[Dataset records]

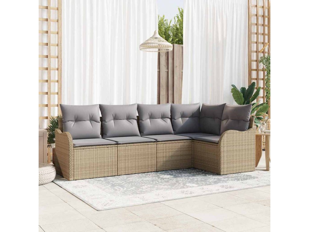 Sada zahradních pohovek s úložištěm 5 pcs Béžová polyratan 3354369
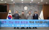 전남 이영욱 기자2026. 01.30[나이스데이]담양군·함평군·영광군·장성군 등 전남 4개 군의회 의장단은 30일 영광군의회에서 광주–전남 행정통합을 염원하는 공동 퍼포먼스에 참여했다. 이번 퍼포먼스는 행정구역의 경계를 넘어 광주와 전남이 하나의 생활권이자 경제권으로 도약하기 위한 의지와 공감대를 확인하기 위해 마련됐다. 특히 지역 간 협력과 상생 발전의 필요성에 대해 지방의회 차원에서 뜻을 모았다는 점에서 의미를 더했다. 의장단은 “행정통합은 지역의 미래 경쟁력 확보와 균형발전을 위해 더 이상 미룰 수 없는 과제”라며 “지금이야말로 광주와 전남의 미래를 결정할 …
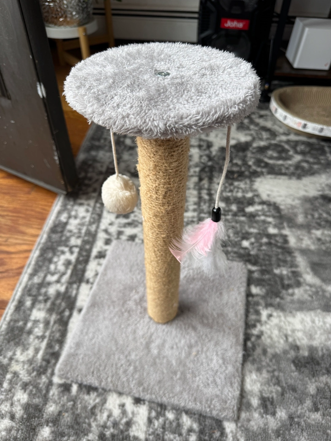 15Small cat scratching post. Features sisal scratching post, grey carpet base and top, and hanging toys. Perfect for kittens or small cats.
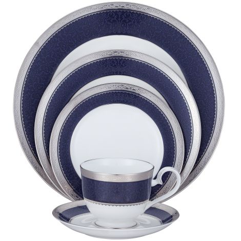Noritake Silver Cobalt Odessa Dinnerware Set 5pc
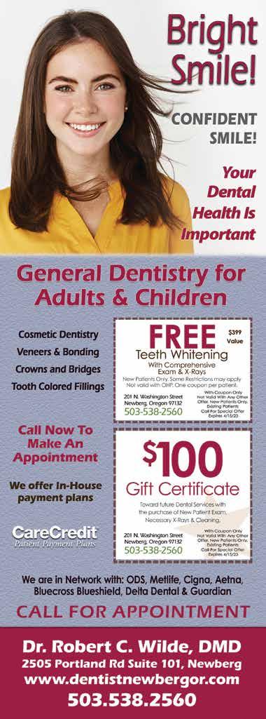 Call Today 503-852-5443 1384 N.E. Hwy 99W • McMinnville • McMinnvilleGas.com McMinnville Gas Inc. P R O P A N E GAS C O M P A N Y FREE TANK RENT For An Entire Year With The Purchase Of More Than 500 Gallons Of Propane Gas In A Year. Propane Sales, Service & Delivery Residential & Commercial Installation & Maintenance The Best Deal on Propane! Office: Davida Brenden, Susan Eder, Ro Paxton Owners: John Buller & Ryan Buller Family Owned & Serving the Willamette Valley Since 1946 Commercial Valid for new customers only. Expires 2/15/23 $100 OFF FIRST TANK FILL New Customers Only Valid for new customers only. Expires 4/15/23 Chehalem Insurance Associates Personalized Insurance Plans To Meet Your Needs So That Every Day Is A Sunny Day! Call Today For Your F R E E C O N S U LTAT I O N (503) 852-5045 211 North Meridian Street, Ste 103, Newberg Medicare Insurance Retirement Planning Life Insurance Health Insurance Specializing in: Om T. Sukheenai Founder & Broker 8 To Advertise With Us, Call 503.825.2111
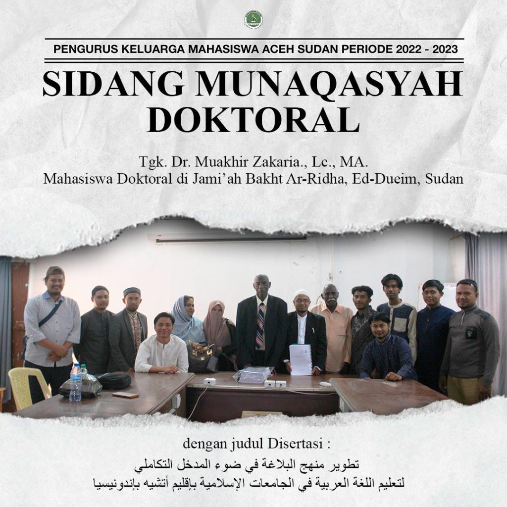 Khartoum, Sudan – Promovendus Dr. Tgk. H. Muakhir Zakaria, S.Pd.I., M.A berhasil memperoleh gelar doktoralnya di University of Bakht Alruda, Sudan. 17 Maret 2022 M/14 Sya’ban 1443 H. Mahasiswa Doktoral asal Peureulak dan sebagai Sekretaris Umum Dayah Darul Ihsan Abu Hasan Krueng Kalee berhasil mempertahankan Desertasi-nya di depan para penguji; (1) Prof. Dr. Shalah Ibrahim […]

Aim of the task -> Copy the records word for word, leaving no picture in the copy.

Response to this task ->
 Sada zahradních pohovek s úložištěm 5 pcs Béžová polyratan 3354369
 전남 이영욱 기자2026. 01.30[나이스데이]담양군·함평군·영광군·장성군 등 전남 4개 군의회 의장단은 30일 영광군의회에서 광주–전남 행정통합을 염원하는 공동 퍼포먼스에 참여했다. 이번 퍼포먼스는 행정구역의 경계를 넘어 광주와 전남이 하나의 생활권이자 경제권으로 도약하기 위한 의지와 공감대를 확인하기 위해 마련됐다. 특히 지역 간 협력과 상생 발전의 필요성에 대해 지방의회 차원에서 뜻을 모았다는 점에서 의미를 더했다. 의장단은 “행정통합은 지역의 미래 경쟁력 확보와 균형발전을 위해 더 이상 미룰 수 없는 과제”라며 “지금이야말로 광주와 전남의 미래를 결정할 …
 15Small cat scratching post. Features sisal scratching post, grey carpet base and top, and hanging toys. Perfect for kittens or small cats.
Noritake Silver Cobalt Odessa Dinnerware Set 5pc
 Call Today 503-852-5443 1384 N.E. Hwy 99W • McMinnville • McMinnvilleGas.com McMinnville Gas Inc. P R O P A N E GAS C O M P A N Y FREE TANK RENT For An Entire Year With The Purchase Of More Than 500 Gallons Of Propane Gas In A Year. Propane Sales, Service & Delivery Residential & Commercial Installation & Maintenance The Best Deal on Propane! Office: Davida Brenden, Susan Eder, Ro Paxton Owners: John Buller & Ryan Buller Family Owned & Serving the Willamette Valley Since 1946 Commercial Valid for new customers only. Expires 2/15/23 $100 OFF FIRST TANK FILL New Customers Only Valid for new customers only. Expires 4/15/23 Chehalem Insurance Associates Personalized Insurance Plans To Meet Your Needs So That Every Day Is A Sunny Day! Call Today For Your F R E E C O N S U LTAT I O N (503) 852-5045 211 North Meridian Street, Ste 103, Newberg Medicare Insurance Retirement Planning Life Insurance Health Insurance Specializing in: Om T. Sukheenai Founder & Broker 8 To Advertise With Us, Call 503.825.2111
 Khartoum, Sudan – Promovendus Dr. Tgk. H. Muakhir Zakaria, S.Pd.I., M.A berhasil memperoleh gelar doktoralnya di University of Bakht Alruda, Sudan. 17 Maret 2022 M/14 Sya’ban 1443 H. Mahasiswa Doktoral asal Peureulak dan sebagai Sekretaris Umum Dayah Darul Ihsan Abu Hasan Krueng Kalee berhasil mempertahankan Desertasi-nya di depan para penguji; (1) Prof. Dr. Shalah Ibrahim […]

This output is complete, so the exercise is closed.